§ **To do**
Only the lines from the one containing "Then select the" through the end of the listing belong in the answer, repeated exactly, with no pictures.

§ **Data excerpt**
= Beginning of Section =

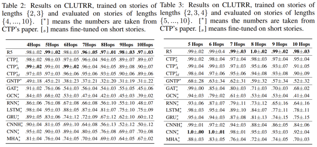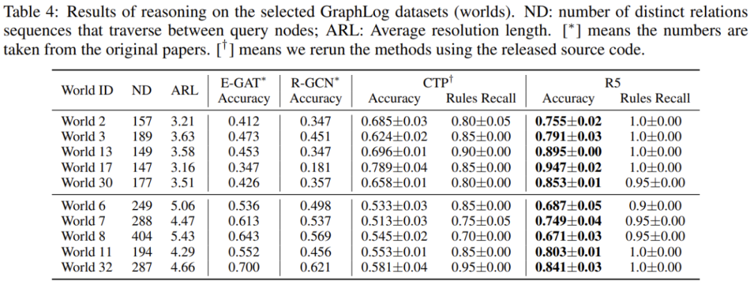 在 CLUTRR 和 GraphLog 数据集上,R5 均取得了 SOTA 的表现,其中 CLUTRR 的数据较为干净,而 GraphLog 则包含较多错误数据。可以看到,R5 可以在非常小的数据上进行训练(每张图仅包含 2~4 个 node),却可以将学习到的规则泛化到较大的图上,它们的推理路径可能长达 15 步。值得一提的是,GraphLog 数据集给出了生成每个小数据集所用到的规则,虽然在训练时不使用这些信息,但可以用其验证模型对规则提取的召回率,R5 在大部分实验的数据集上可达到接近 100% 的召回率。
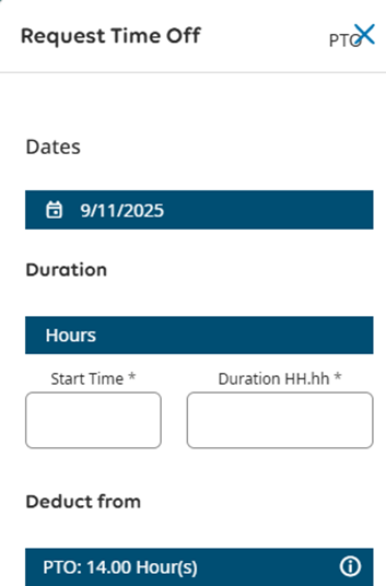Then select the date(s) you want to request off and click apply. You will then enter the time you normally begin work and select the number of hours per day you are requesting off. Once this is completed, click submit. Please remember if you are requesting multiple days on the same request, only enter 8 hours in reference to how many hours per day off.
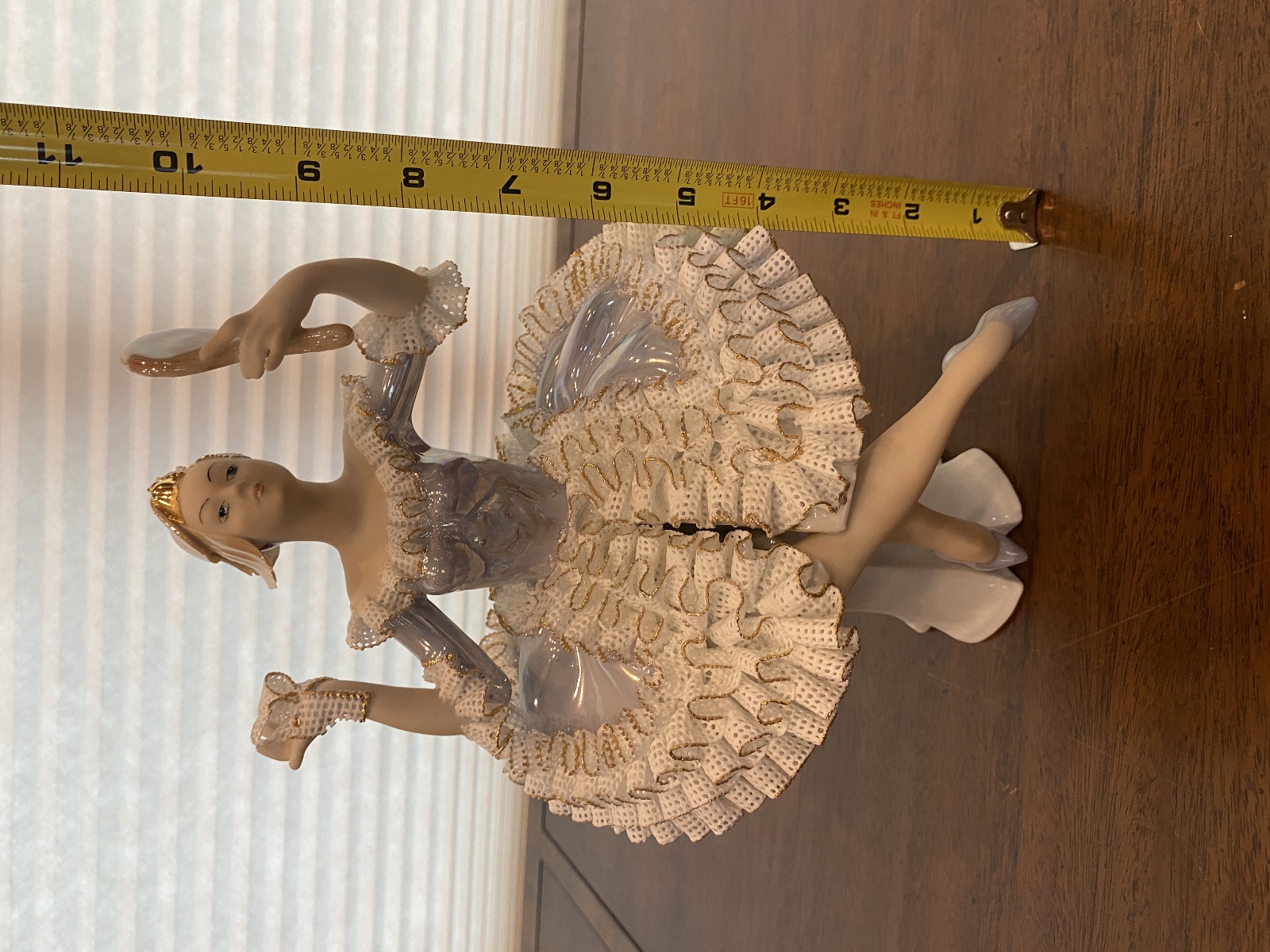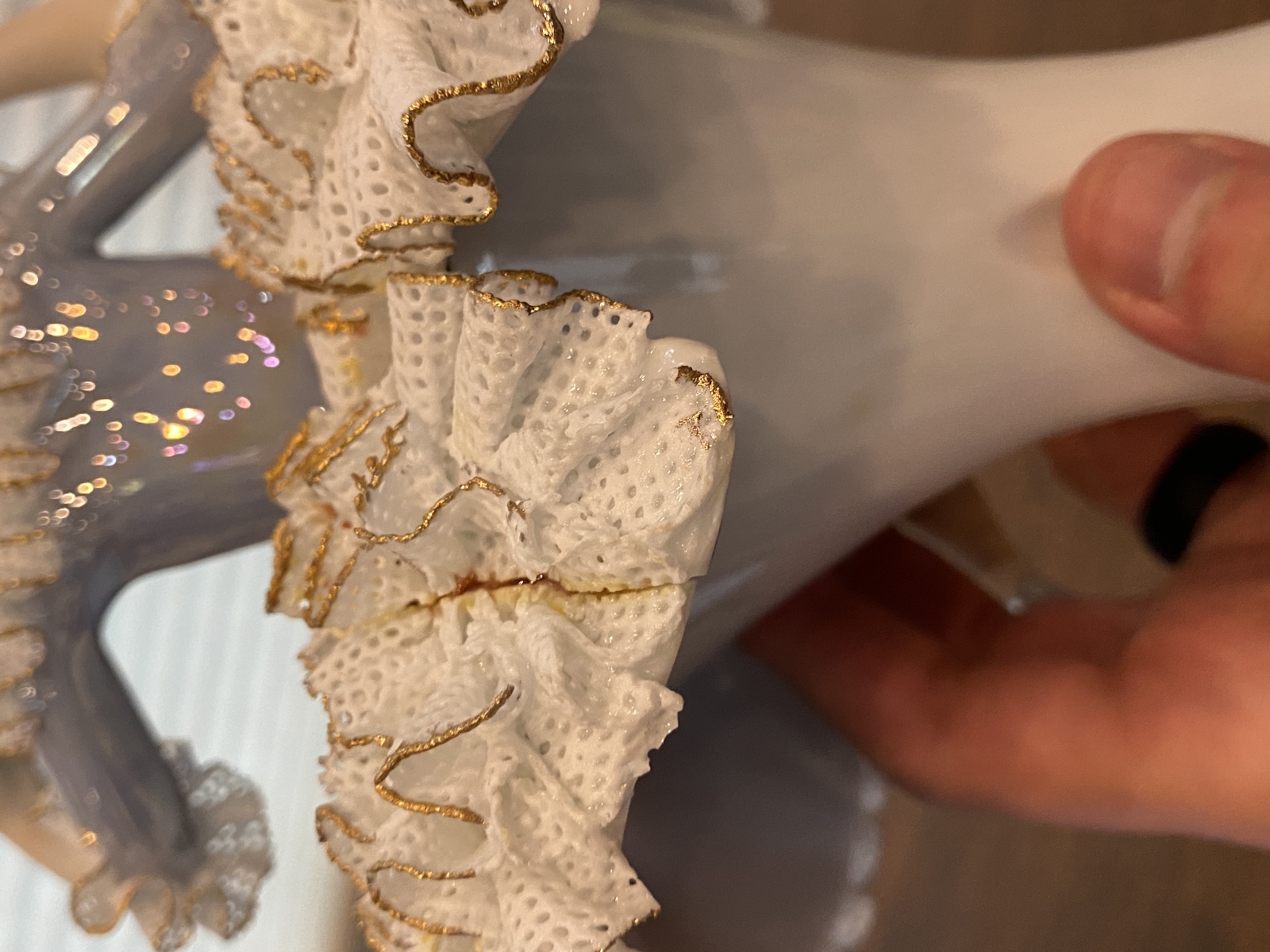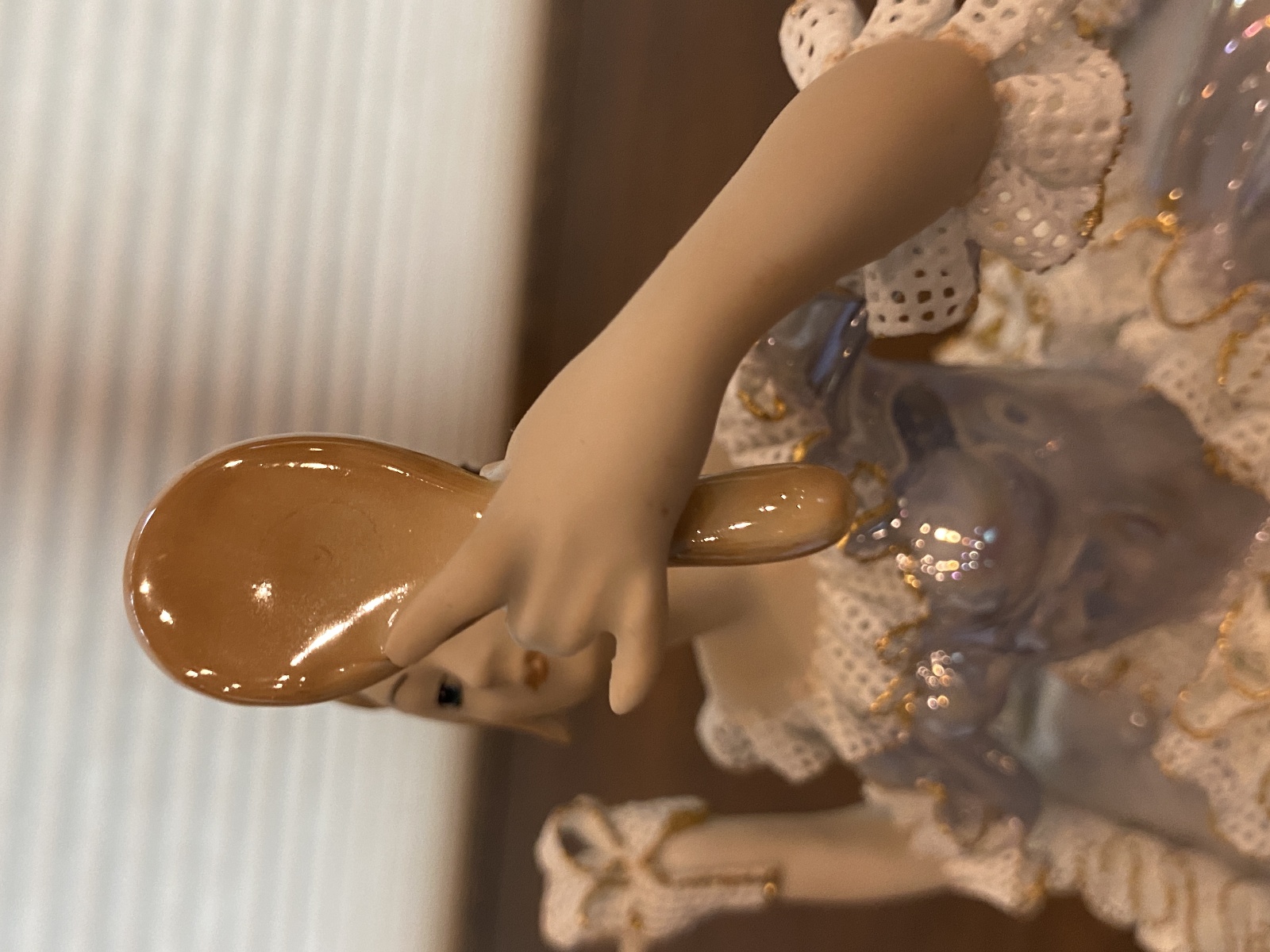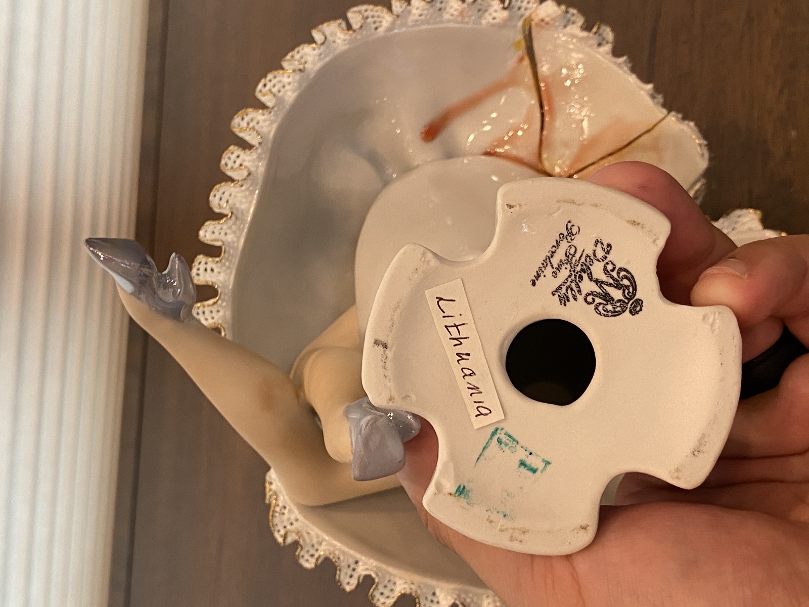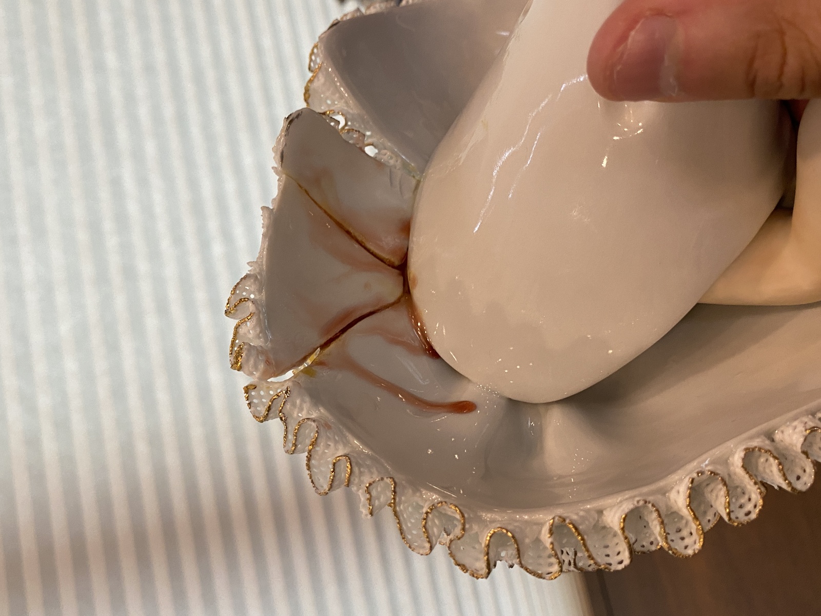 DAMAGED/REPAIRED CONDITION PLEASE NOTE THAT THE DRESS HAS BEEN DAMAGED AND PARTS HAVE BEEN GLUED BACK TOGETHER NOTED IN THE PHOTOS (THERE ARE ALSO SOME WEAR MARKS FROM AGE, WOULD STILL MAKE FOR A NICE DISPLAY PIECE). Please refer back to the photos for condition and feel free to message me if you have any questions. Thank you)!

= End of Section =

§ **Written solution**
Then select the date(s) you want to request off and click apply. You will then enter the time you normally begin work and select the number of hours per day you are requesting off. Once this is completed, click submit. Please remember if you are requesting multiple days on the same request, only enter 8 hours in reference to how many hours per day off.
 DAMAGED/REPAIRED CONDITION PLEASE NOTE THAT THE DRESS HAS BEEN DAMAGED AND PARTS HAVE BEEN GLUED BACK TOGETHER NOTED IN THE PHOTOS (THERE ARE ALSO SOME WEAR MARKS FROM AGE, WOULD STILL MAKE FOR A NICE DISPLAY PIECE). Please refer back to the photos for condition and feel free to message me if you have any questions. Thank you)!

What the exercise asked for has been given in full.